Oystercatchers that winter in Iceland use a restricted number of coastal sites (as inland sites are frozen during winter) and forage on marine prey, while, elsewhere in Europe, a much wider range of marine and freshwater resources and environments are commonly used in winter (Goss-Custard 1996). These differences in habitat use and dietary composition are likely to result in differences between migrants and residents in carbon (δ13C) and nitrogen (δ15N) isotope ratios of feathers grown during late winter. Stable isotope analyses of feathers and tissues have successfully been used to identify migratory behaviors of individuals in a wide range of species (e.g., Bearhop et al. 2002; Pérez et al. 2014; Hegemann et al. 2015; Catry et al. 2016). We combined data from observations of color-marked individuals with information on the isotopic composition of their feathers to 1) identify migratory strategies of individual oystercatchers and explore whether migrants and residents differ in sex, body size, or breeding location, 2) assess how individually consistent these strategies are between years, 3) quantify spatial variation in the distribution of migrants and residents across the Icelandic breeding range, and 4) determine whether oystercatchers mate assortatively in relation to migratory behavior.

METHODS

Individual marking and sample collection

The study took place from the south (S) to the northwest (NW) of Iceland during the summers of 2013–2017 and was expanded to the northeast (NE) and east (E) in 2017 (Figure 1). Incubating oystercatchers were captured on the nest using a spring trap (http:www.moudry.cz) and individually marked with unique color-ring combinations. For each individual, we measured tarsus + middle toe length to the nearest millimeter (a very consistent metric between observers) and collected a sample of four or five chest feathers (grown on wintering sites during the prenuptial molt) for isotopic analysis.

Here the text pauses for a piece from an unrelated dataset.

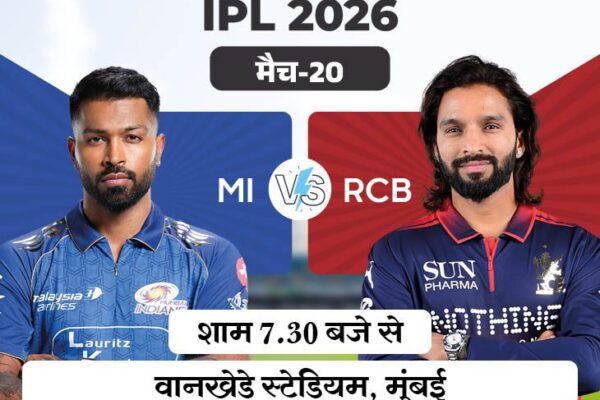 स्पोर्ट्स डेस्क2 घंटे पहले कॉपी लिंक इंडियन प्रीमियर लीग (IPL) के 19वें सीजन में आज डिफेंडिंग चैंपियन रॉयल चैलेंजर्स बेंगलुरु (RCB) के सामने 5 बार की चैंपियन मुंबई इंडियंस (MI) की चुनौती है। सीजन का 20वां मैच मुंबई के वानखेड़े स्टेडियम में शाम 7.30 बजे शुरू होगा, जिसका टॉस 7 बजे होगा। RCB ने 2…

For a subset of birds, we also collected a sample of blood for molecular sex determination (as the biometrics of males and females overlap; (van de Pol et al. 2009). Body feathers are molted during the nonbreeding period on the wintering grounds (Dare and Mercer 1974) and the isotope ratios in chest feathers reflect diet and habitat use during this period when those feathers were grown (Bearhop et al. 2003; Pearson et al. 2003).

Figure 1

Locations at which breeding oystercatchers have been marked across Iceland. Locations are colored by region.

Figure 1

Locations at which breeding oystercatchers have been marked across Iceland. Locations are colored by region.

Resighting data

Individually marked oystercatchers were observed and recorded at nonbreeding sites within and outside of Iceland during surveys conducted by the authors and colleagues and by observers throughout Europe between the winters of 2013–2014 and 2017–2018. The winter period (during which only resident individuals are likely to be in Iceland) was defined from the beginning of October to the end of February. No migrant individuals have been seen in Iceland after September and the earliest returning migrants have been observed during the first week of March (personal observations).

Molecular sex determination

DNA was extracted from blood samples using a standard ammonium acetate technique (dx.doi.org/10.17504/protocols.io.knycvfw) and diluted to a working concentration of 10–50 ng/μL. The sex of individuals was then determined using the molecular methods set out in Fridolfsson and Ellegren (1999).

Stable isotope analysis

Prior to isotopic analysis, feathers were washed in a 2:1 chloroform/methanol solution, left to dry overnight in a fume cupboard and cut into small fragments. Each sample was then weighed (from 0.45 to 0.55 mg) with a microbalance, packed in tin capsules, and loaded into a combustion Costech elemental analyzer coupled to a Thermo Scientific Delta XP continuous flow isotopic ratio mass spectrometer and a Conflo III interface. Carbon and nitrogen stable isotope ratios are reported as δ values in parts per thousand (‰) deviations from the international standards Vienna Pee Dee Belemnite (V-PDB) for δ13C and AIR N2 for δ15N. Replicate measurements of the internal laboratory standard (collagen) indicated measurement errors of 0.2‰ and 0.1‰ for δ13C and δ15N, respectively.

Statistical analyses

In order to assign a migratory status to color-marked individuals, we carried out a discriminant analysis using the MASS R package (Venables and Ripley 2002). First, we used the isotopic signatures of 113 individuals that were observed during winter within (residents) or outside (migrants) Iceland as a training set. A preliminary analysis showed that a quadratic discriminant analysis (QDA) performed better than a linear (LDA), with 9.3% and 17.4% misclassified, respectively. Therefore, results from QDA are reported here. We set prior probabilities of migratory strategy at 30% for residents and 70% for migrants as approximately 30% of the breeding population is estimated to be resident (Tórisson et al. 2018). We evaluated model performance and prediction by applying an internal validation technique using 50 bootstrap samples from the training data set. We then used the discriminant function to assign migratory strategy (resident in Iceland or migrant wintering in western Europe) to 424 individuals for which the isotopic signatures described by the δ13C and δ15N values were attained but no winter observations were available. Posterior probabilities of being migrant or resident were calculated for each individual, and these were classified into one strategy or the other when the posterior probability for a given strategy was at least twice than for the other (≥67 %). We then carried out a sensitivity analysis by systematically varying this threshold and assessing the influence on the models of spatial variation and assortative mating described below (Supplementary Material). The 71 individuals that did not meet the ≥ 67% threshold were excluded from further analysis.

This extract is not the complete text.